§ GIVEN DATA

- - - -

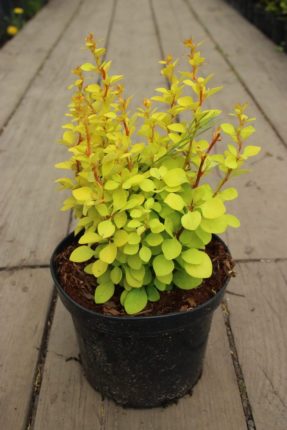 Описание: колоновидный кустарник с прямостоячими побегами, широкой и очень плотной кроной. Листья крупные, золотисто-желтые, часто с яркой карминово-розовой каймой, осенью оранжево-красные. Молодые побеги розово-оранжевые.
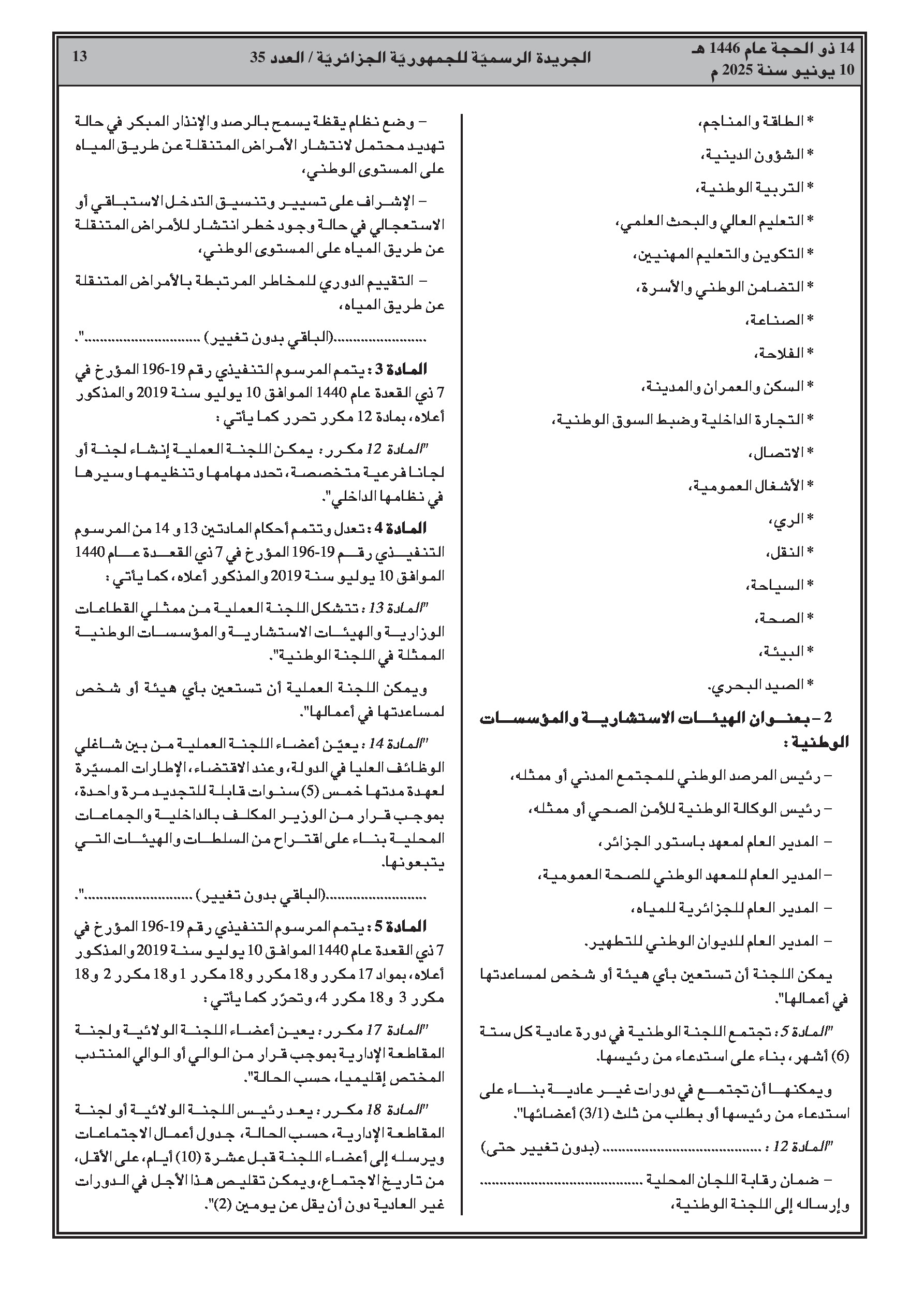 يتضمن هذا القسم مرسومًا رئاسيًا بشأن تحويل اعتمادات ميزانية الدولة ومرسومًا تنفيذيًا يعدل اللجنة الوطنية للوقاية من الأمراض المنقولة بالمياه ومكافحتها.
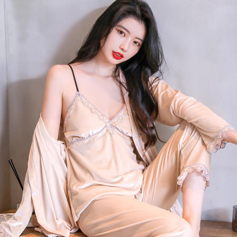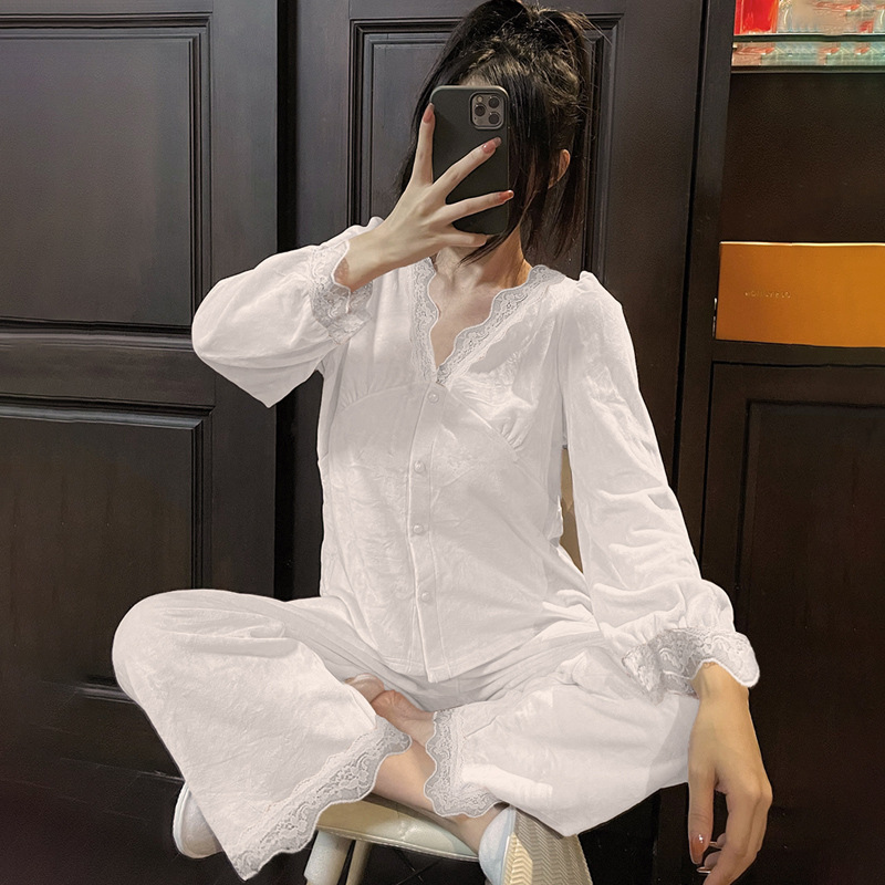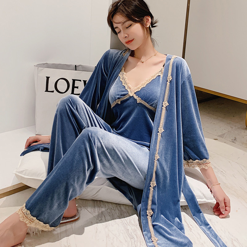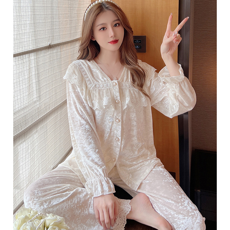 프랑스 복고풍 궁전 스타일 골드 벨벳 잠옷 여성의 가을과 겨울 긴팔 세트 새 집 옷 세트 도매스토어 가기

- - - -

§ WHAT IS BEING ASKED
Omit any images, then output the listing exactly.

§ ANSWER SPACE
 Описание: колоновидный кустарник с прямостоячими побегами, широкой и очень плотной кроной. Листья крупные, золотисто-желтые, часто с яркой карминово-розовой каймой, осенью оранжево-красные. Молодые побеги розово-оранжевые.
 يتضمن هذا القسم مرسومًا رئاسيًا بشأن تحويل اعتمادات ميزانية الدولة ومرسومًا تنفيذيًا يعدل اللجنة الوطنية للوقاية من الأمراض المنقولة بالمياه ومكافحتها.
 프랑스 복고풍 궁전 스타일 골드 벨벳 잠옷 여성의 가을과 겨울 긴팔 세트 새 집 옷 세트 도매스토어 가기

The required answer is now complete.